- Material provided -
--------------------------------

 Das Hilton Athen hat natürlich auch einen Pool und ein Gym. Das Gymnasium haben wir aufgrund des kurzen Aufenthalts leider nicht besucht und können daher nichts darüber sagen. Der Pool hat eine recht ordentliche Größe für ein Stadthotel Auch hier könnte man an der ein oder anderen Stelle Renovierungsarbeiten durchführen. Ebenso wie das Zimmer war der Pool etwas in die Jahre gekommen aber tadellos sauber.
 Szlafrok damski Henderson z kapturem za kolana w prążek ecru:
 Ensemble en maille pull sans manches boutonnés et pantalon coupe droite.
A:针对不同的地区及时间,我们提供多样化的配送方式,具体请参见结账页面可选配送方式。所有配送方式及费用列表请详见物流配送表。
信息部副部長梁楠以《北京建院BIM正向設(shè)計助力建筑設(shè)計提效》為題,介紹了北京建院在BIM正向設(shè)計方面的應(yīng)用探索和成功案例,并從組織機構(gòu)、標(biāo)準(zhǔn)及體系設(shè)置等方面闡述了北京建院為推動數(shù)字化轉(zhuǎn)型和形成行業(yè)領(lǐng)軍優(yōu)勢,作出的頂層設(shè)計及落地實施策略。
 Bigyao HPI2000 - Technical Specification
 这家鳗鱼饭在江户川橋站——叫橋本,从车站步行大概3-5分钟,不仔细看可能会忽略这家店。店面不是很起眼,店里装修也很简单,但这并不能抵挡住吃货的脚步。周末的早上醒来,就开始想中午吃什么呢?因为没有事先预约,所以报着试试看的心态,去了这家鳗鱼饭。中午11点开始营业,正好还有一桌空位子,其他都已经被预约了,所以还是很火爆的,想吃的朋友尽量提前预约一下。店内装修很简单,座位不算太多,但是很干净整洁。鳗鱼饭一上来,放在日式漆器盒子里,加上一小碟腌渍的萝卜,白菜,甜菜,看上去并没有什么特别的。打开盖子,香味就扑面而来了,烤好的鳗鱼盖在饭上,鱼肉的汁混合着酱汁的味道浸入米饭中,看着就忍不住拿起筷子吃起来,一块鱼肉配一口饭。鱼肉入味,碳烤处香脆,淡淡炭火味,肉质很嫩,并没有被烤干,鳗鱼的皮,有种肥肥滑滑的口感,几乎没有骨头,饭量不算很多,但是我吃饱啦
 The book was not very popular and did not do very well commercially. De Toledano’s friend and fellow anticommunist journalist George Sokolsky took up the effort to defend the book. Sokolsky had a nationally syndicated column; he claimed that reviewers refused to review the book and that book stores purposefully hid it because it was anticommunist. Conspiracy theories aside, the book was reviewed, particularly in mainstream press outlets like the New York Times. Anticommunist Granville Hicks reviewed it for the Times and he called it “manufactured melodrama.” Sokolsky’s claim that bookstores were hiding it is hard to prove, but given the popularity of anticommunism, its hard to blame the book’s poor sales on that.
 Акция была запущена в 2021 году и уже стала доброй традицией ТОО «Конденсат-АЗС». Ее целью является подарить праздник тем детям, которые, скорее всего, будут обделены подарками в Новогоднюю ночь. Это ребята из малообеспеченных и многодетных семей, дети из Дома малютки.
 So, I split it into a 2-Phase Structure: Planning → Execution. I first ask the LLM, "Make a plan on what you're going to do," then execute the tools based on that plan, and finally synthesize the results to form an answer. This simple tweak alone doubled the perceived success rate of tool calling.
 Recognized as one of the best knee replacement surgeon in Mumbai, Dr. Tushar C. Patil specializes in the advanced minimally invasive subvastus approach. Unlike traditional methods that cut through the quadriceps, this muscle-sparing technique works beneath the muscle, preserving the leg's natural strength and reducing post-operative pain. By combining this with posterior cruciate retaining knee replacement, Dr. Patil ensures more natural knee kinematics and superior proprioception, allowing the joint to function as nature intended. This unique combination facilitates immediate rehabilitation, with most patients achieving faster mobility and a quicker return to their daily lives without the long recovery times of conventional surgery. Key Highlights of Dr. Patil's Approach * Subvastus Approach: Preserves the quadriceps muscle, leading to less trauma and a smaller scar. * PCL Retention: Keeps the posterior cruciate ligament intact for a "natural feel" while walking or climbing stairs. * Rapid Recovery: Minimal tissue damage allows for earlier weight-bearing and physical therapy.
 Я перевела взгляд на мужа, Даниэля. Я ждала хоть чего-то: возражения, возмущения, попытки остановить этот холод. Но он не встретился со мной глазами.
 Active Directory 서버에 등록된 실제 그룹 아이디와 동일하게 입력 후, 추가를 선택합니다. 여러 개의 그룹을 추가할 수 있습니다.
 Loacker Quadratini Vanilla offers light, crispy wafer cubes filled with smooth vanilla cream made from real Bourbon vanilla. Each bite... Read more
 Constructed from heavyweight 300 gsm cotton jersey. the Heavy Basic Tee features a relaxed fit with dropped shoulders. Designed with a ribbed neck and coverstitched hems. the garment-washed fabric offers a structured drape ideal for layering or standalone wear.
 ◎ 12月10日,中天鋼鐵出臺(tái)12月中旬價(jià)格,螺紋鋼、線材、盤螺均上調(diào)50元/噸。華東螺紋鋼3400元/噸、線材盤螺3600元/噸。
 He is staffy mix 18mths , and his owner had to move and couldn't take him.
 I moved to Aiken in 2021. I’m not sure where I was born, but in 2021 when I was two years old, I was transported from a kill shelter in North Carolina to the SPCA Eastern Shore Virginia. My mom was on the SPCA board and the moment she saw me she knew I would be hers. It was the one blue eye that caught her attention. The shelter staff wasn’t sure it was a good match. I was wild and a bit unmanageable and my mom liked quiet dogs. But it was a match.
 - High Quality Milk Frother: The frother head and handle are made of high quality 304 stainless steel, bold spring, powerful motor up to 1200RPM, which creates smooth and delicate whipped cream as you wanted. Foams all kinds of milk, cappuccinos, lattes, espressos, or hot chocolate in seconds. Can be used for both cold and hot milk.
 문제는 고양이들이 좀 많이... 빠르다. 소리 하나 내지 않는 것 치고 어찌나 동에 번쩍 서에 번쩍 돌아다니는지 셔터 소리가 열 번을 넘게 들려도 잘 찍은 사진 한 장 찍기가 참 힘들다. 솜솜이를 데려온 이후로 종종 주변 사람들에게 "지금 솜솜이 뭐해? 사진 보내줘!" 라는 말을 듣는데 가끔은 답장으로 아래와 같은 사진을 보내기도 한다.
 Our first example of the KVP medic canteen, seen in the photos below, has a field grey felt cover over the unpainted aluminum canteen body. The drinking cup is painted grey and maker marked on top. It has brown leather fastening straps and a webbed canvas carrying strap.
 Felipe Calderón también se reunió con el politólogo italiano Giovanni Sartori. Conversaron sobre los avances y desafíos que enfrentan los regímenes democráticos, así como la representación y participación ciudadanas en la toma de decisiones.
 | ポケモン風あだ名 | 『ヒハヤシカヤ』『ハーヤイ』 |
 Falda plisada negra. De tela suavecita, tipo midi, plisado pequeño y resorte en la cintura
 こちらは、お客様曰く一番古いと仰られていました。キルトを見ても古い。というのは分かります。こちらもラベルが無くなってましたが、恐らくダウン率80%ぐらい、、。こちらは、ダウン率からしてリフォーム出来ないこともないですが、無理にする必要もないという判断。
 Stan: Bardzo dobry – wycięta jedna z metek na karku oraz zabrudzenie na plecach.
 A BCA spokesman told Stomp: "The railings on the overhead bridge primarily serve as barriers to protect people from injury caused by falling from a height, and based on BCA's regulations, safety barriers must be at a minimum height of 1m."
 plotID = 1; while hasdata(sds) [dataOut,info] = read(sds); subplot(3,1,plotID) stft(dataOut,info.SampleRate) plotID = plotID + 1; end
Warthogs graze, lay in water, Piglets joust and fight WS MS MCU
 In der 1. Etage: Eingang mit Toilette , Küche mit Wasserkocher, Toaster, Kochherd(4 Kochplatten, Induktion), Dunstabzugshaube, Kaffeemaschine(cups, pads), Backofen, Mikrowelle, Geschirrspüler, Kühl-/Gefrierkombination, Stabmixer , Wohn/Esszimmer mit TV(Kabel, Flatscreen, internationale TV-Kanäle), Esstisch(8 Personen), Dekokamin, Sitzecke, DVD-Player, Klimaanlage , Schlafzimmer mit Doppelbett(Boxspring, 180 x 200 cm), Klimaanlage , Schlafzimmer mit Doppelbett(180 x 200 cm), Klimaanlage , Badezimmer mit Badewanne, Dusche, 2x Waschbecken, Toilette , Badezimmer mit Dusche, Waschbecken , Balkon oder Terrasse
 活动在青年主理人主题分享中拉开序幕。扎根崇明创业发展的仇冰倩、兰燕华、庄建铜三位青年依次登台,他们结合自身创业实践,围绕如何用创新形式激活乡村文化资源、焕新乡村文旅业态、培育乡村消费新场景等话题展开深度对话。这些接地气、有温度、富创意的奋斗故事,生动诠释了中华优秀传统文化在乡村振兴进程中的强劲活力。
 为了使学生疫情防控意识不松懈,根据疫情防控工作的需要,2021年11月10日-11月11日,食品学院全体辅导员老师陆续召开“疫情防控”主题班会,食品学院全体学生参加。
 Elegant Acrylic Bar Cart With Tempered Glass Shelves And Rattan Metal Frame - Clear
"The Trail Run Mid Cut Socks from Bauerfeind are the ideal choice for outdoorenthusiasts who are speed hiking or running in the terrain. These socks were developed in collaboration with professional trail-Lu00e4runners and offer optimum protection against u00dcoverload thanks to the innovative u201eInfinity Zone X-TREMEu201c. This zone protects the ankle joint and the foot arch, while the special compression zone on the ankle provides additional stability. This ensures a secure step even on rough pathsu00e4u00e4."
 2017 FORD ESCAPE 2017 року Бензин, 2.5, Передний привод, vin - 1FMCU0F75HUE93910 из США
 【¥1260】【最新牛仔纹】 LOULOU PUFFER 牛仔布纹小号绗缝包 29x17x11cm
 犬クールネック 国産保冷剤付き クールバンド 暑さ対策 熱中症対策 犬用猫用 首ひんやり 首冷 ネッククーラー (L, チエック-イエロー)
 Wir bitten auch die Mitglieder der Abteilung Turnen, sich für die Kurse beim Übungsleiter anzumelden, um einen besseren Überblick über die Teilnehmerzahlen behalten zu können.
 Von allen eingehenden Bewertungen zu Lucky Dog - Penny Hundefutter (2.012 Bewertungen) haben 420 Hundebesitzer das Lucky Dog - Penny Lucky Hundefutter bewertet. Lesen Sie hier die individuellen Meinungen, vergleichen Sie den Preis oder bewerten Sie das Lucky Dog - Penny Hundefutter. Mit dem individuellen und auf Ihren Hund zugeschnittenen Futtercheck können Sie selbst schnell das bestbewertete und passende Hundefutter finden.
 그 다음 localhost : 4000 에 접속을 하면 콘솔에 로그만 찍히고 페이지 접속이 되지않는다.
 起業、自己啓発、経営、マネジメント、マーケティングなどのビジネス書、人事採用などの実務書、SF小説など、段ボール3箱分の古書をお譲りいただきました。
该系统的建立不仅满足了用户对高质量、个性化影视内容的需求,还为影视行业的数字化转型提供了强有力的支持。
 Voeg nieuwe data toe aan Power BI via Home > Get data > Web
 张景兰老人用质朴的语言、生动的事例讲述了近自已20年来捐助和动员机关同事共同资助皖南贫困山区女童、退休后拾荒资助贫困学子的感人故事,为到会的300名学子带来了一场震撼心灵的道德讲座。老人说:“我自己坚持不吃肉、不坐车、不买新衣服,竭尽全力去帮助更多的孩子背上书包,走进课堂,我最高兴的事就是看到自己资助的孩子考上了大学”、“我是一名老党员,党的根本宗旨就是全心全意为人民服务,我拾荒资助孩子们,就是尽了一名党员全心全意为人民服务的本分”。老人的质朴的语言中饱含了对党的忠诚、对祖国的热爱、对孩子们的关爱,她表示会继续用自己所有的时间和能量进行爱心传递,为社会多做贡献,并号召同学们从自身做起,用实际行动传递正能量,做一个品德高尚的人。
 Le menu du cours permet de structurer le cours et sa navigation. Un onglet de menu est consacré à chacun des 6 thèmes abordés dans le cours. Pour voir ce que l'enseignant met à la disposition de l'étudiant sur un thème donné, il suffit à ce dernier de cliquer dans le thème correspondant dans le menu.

--------------------------------

- Goal of the exercise -
Take the lines above from the one containing "Trail Run Mid" down to the one containing "Voeg nieuwe data", and transcribe them exactly, both ends included.

- Solution -
"The Trail Run Mid Cut Socks from Bauerfeind are the ideal choice for outdoorenthusiasts who are speed hiking or running in the terrain. These socks were developed in collaboration with professional trail-Lu00e4runners and offer optimum protection against u00dcoverload thanks to the innovative u201eInfinity Zone X-TREMEu201c. This zone protects the ankle joint and the foot arch, while the special compression zone on the ankle provides additional stability. This ensures a secure step even on rough pathsu00e4u00e4."
 2017 FORD ESCAPE 2017 року Бензин, 2.5, Передний привод, vin - 1FMCU0F75HUE93910 из США
 【¥1260】【最新牛仔纹】 LOULOU PUFFER 牛仔布纹小号绗缝包 29x17x11cm
 犬クールネック 国産保冷剤付き クールバンド 暑さ対策 熱中症対策 犬用猫用 首ひんやり 首冷 ネッククーラー (L, チエック-イエロー)
 Wir bitten auch die Mitglieder der Abteilung Turnen, sich für die Kurse beim Übungsleiter anzumelden, um einen besseren Überblick über die Teilnehmerzahlen behalten zu können.
 Von allen eingehenden Bewertungen zu Lucky Dog - Penny Hundefutter (2.012 Bewertungen) haben 420 Hundebesitzer das Lucky Dog - Penny Lucky Hundefutter bewertet. Lesen Sie hier die individuellen Meinungen, vergleichen Sie den Preis oder bewerten Sie das Lucky Dog - Penny Hundefutter. Mit dem individuellen und auf Ihren Hund zugeschnittenen Futtercheck können Sie selbst schnell das bestbewertete und passende Hundefutter finden.
 그 다음 localhost : 4000 에 접속을 하면 콘솔에 로그만 찍히고 페이지 접속이 되지않는다.
 起業、自己啓発、経営、マネジメント、マーケティングなどのビジネス書、人事採用などの実務書、SF小説など、段ボール3箱分の古書をお譲りいただきました。
该系统的建立不仅满足了用户对高质量、个性化影视内容的需求,还为影视行业的数字化转型提供了强有力的支持。
 Voeg nieuwe data toe aan Power BI via Home > Get data > Web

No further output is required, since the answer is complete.